Task to complete.
Leaving out every picture, copy the lines of the data exactly, from the first through the line containing "Orvosi ügyelet: Nagyvenyim, Fő".

Dataset content.
☆ ☆ ☆

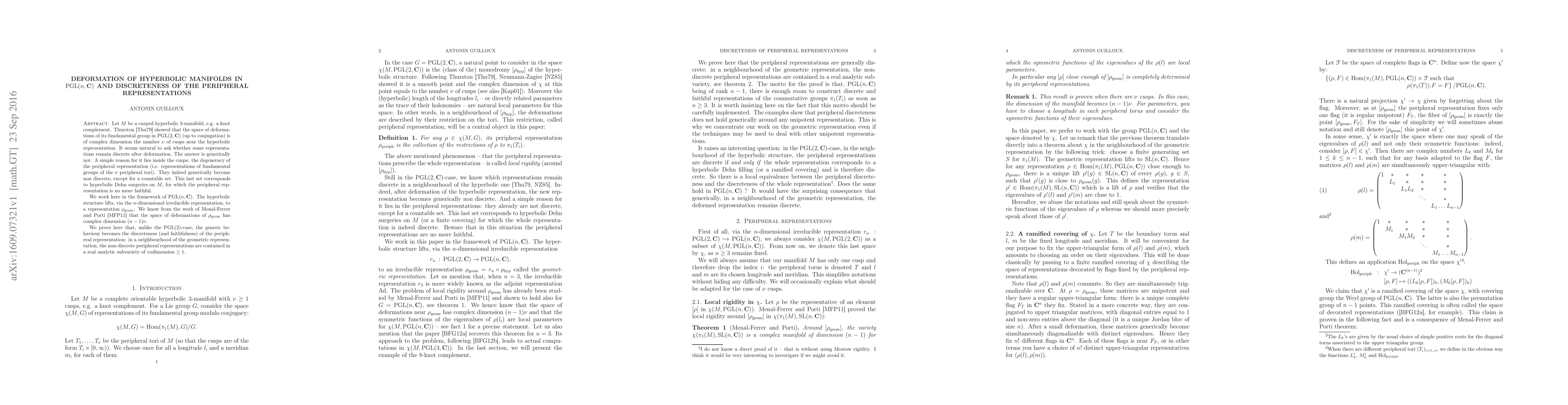 This paper investigates the deformation of hyperbolic 3-manifolds in $\mathrm {PGL}(n,\mathbf {C})$ and examines the discreteness of peripheral representations. Unlike in $\mathrm {PGL}(2,\mathbf {C})$, the authors prove that in higher dimensions, peripheral representations generally remain discrete and faithful, with non-discrete representations forming a lower-dimensional subset.
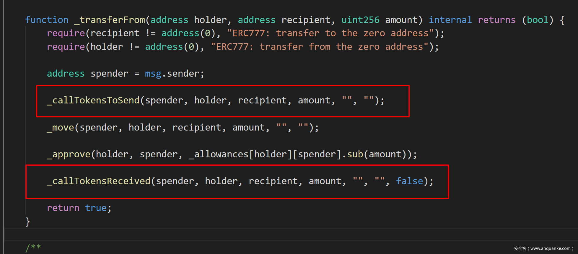 imBTC的transferFrom代码如下图。这里callTokensToSend与callTokensReceived就是前面在ERC777协议里讲到的tokensToSend 和tokenReceived 。tokensToSend由用户实现,攻击者利用callTokensToSend的hook功能,调用了LendF.Me的withdraw()函数(由前面的bloxy.info分析知)
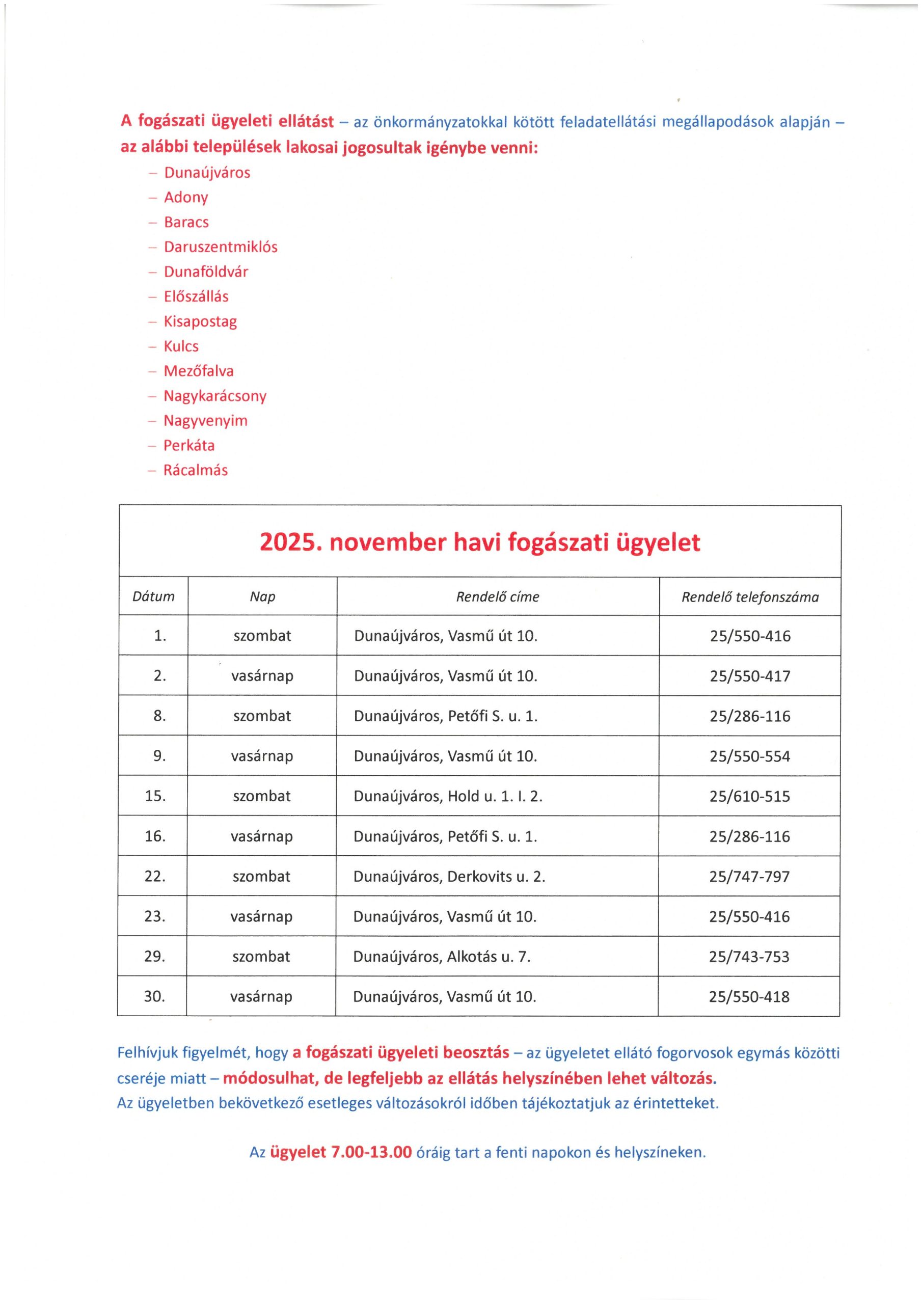 Orvosi ügyelet: Nagyvenyim, Fő u. 45. 25/506-201
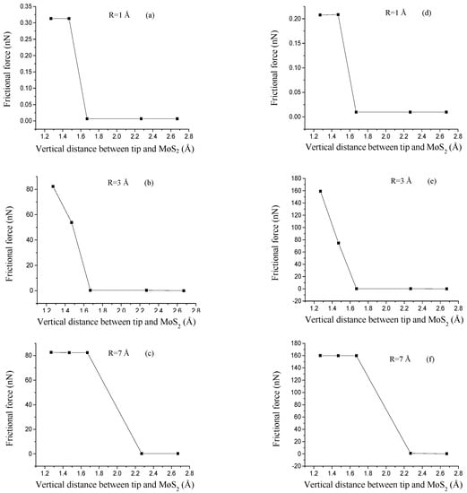 We conducted MD simulations of the atomic-scale friction of a typical 2D single-layer molybdenum disulfide (SLMoS2), which has been widely used in the applications of optoelectronics and electronics [,,] due to its unique photoelectric and mechanical properties. The effects of tip radius and vertical tip–sample distance on the frictional properties were analyzed and discussed. Ours is the first study that indicates that the characterization of atomic-scale frictional properties depends on a coupling of tip radius and tip–sample distance, and the study presents novel insight into LFM nanomanipulation when studying the atomic-scale frictional behaviors of 2D materials.

☆ ☆ ☆

Result.
 This paper investigates the deformation of hyperbolic 3-manifolds in $\mathrm {PGL}(n,\mathbf {C})$ and examines the discreteness of peripheral representations. Unlike in $\mathrm {PGL}(2,\mathbf {C})$, the authors prove that in higher dimensions, peripheral representations generally remain discrete and faithful, with non-discrete representations forming a lower-dimensional subset.
 imBTC的transferFrom代码如下图。这里callTokensToSend与callTokensReceived就是前面在ERC777协议里讲到的tokensToSend 和tokenReceived 。tokensToSend由用户实现,攻击者利用callTokensToSend的hook功能,调用了LendF.Me的withdraw()函数(由前面的bloxy.info分析知)
 Orvosi ügyelet: Nagyvenyim, Fő u. 45. 25/506-201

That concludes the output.